Figure 7 shows that compared to the PEMS emission analyser, the OBNS exhibited the following characteristics in practical operation. First, the average OBNS measurement deviation for the range of 0–50 ppm, 50–100 ppm, and 100 ppm was 12 ppm, 26 ppm, and 70 ppm, respectively. Second, the OBNS exhibited a response delay with an inconsistent time due to the complex and variable nature of actual exhaust environments.

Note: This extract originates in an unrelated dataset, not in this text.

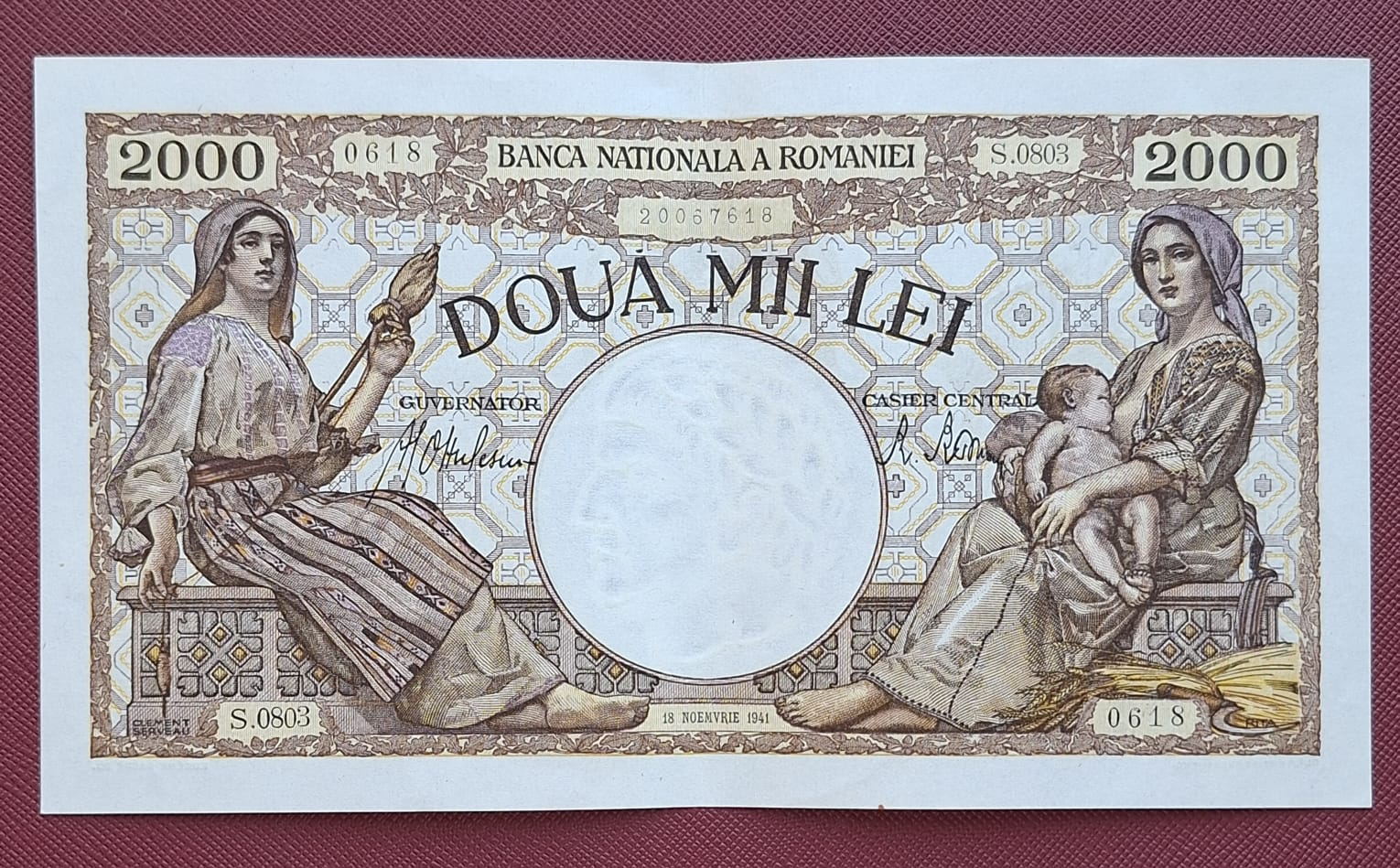 Romania, 2000 lei 1941, seria S.0803/0618/20067618, aproape necirculata

Figure 8 indicates that during 13 actual road driving tests, the cumulative relative error of the NOx mass emissions calculated through the OBNS compared to the PEMS tests exceeded 24%. Therefore, it is evident that the original OBNS measurement values are inadequate for accurately representing the actual NOx emissions.

3.2. Delay Correction for the OBNS Measurement

Table 5 demonstrates the predictive performance of five classification algorithms on the measurement delay of the OBNS. It can be observed that the MLP algorithm exhibited significantly better performance in predicting the OBNS measurement delay compared to other classification algorithms. Although the decision tree and Naive Bayes algorithms had faster training processes, the classification accuracy was unsatisfactory. Compared to the SVC and XGBoost algorithms, a higher accuracy of 43.4% was achieved by the MLP algorithm, which also had the advantage of a shorter training time. Therefore, there is great practical value in predicting the OBNS measurement using the MLP classification algorithm.

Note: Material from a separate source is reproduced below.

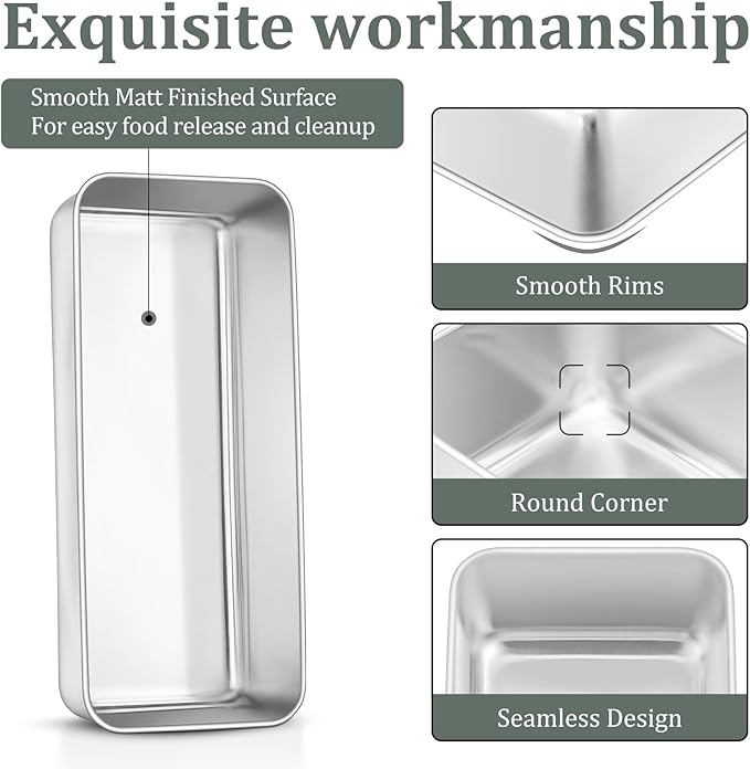 - BAKING EVENLY & FASTLY: High hardness stainless steel structure with flat bottom allows the meatloaf pan to conduct heat evenly and quickly, Deliver uniform and great baking and roasting results, Our bread pan can withstand high temperature up to 450°F, Suitable to be used in oven for various kinds of baked goods

Figure 9 presents the delay correction results of the OBNS measurement based on the MLP algorithm for the testing set. It can be observed that the measurement delay correction model based on the MLP algorithm exhibited superior correction effectiveness. The window proportion with a 0 s measurement delay increased from 11.8% to 45.6%, while the proportions of 2 s and 4 s decreased significantly. Consequently, the MLP algorithm was adopted to construct the measurement delay correction for the OBNS in the following research.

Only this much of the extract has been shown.